La prière du « Veni Creator » a retenti, puis l’icône de la Vierge de Rome, « Salus Populi Romani », a été amenée en procession, très solennellement.

Le pape, simplement vêtu de blanc, avait le visage grave. Le chapelet a été récité, ponctué de moments chants liturgiques et de musique classique, le tout dans un recueillement rare, surtout dans les pauses de prière silencieuse.

Est arrivé ensuite le moment de l’adoration eucharistique, après la méditation du Pape centrée sur le récit biblique de Caïn et Abel. Dans son homélie, Le pape François est revenu sur le récit biblique du début de l’histoire du monde et de l’humanité qui « nous parle de Dieu qui regarde la création, la contemple presque, et répète : cela est bon ». Pour répondre à la signification de ce message, le pape a développé trois réponses.

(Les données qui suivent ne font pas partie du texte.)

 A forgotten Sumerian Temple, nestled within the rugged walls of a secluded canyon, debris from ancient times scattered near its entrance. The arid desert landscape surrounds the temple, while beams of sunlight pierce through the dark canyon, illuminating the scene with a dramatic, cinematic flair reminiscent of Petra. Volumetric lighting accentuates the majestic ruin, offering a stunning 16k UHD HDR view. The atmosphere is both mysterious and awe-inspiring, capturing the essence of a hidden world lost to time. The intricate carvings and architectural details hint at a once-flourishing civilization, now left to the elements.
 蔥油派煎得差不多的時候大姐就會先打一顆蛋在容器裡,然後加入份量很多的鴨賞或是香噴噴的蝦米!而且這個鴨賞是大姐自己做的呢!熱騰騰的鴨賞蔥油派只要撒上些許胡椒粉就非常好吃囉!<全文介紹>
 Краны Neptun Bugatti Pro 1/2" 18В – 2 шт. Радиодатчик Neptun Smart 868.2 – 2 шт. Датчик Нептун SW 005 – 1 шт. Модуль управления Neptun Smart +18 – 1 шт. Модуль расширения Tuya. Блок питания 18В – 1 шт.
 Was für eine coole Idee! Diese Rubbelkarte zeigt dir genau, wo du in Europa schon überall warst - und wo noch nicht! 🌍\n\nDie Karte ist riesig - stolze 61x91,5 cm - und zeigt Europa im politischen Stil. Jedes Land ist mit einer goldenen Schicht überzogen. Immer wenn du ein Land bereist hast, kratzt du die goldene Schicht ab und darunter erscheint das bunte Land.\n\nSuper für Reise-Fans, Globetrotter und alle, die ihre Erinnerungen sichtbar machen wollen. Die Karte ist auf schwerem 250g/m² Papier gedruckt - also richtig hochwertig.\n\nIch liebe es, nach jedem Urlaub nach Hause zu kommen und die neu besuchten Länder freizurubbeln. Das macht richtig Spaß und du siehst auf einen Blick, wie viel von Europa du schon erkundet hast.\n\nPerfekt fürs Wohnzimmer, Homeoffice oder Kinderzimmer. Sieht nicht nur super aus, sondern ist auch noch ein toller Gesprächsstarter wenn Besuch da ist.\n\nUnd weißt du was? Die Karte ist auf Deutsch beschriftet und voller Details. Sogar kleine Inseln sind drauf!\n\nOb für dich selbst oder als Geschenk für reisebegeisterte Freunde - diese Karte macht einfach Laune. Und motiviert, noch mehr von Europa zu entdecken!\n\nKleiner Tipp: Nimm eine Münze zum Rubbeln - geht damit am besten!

Vers un monde d’harmonie et de paix

Ce message dit d’abord, selon le Pape, que « dans le cœur et dans la pensée de Dieu notre monde est la ‘maison de l’harmonie et de la paix’, et est le lieu où tous peuvent trouver leur place et se sentir ‘chez soi’, parce que cela est ‘bon’ ». Un « monde de Dieu qui est un monde dans lequel chacun se sent responsable de l’autre, du bien de l’autre ». Le pape a invité la foule réunie place Saint-Pierre à se demander si ce n’est pas ce monde que nous désirons, que « tous portent dans le cœur ».

« Le monde que nous voulons, n’est-il pas peut-être un monde d’harmonie et de paix, en nous-mêmes, dans les rapports avec les autres, dans les familles, dans les villes, dans et entre les nations ? » a interrogé le Pape.

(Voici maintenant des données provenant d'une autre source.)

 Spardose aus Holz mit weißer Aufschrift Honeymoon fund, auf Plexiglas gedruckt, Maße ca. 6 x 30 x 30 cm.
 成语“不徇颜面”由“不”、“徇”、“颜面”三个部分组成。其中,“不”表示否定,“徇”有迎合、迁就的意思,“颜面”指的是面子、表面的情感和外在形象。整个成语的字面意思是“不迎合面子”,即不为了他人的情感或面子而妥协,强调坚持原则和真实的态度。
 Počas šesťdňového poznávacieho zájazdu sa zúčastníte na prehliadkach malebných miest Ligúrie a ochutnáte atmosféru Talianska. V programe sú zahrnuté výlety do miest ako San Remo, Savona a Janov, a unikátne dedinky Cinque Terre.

Le pape s’est ensuite demandé si c’était bien ce monde dans lequel nous vivons. Car il y a aussi « la violence, la division, le conflit, la guerre ». Quand cela se produit-il ? « Quand l’homme, sommet de la création, abandonne le regard sur l’horizon de la beauté et de la bonté, et se renferme dans son égoïsme. »

« Être une personne humaine signifie être gardiens les uns des autres ! »

Le pape François a prévenu : « Quand l’homme pense seulement à lui-même, à ses propres intérêts et se place au centre, quand il se laisse séduire par les idoles de la domination et du pouvoir, quand il se met à la place de Dieu, alors il abîme toutes les relations, il ruine tout ; et il ouvre la porte à la violence, à l’indifférence, au conflit. »

« Aujourd’hui aussi nous nous laissons guider par les idoles, par l’égoïsme, pas nos intérêts ; et cette attitude continue : nous avons perfectionné nos armes, notre conscience s’est endormie, nous avons rendu plus subtiles nos raisons pour nous justifier. Comme si c’était une chose normale, nous continuons à semer destruction, douleur, mort ! »

Le pape s’appuie sur un exemple pour développer sa pensée : : « Où est Abel ton frère ? Je ne sais pas, répond Caïn. Suis-je le gardien de mon frère ? » Cette question précise le pape nous est aussi adressée et il serait bien que nous nous demandions : « Suis-je le gardien de mon frère ? Oui, tu es le gardien de ton frère ! a dit le Pape. Être une personne humaine signifie être gardiens les uns des autres ! »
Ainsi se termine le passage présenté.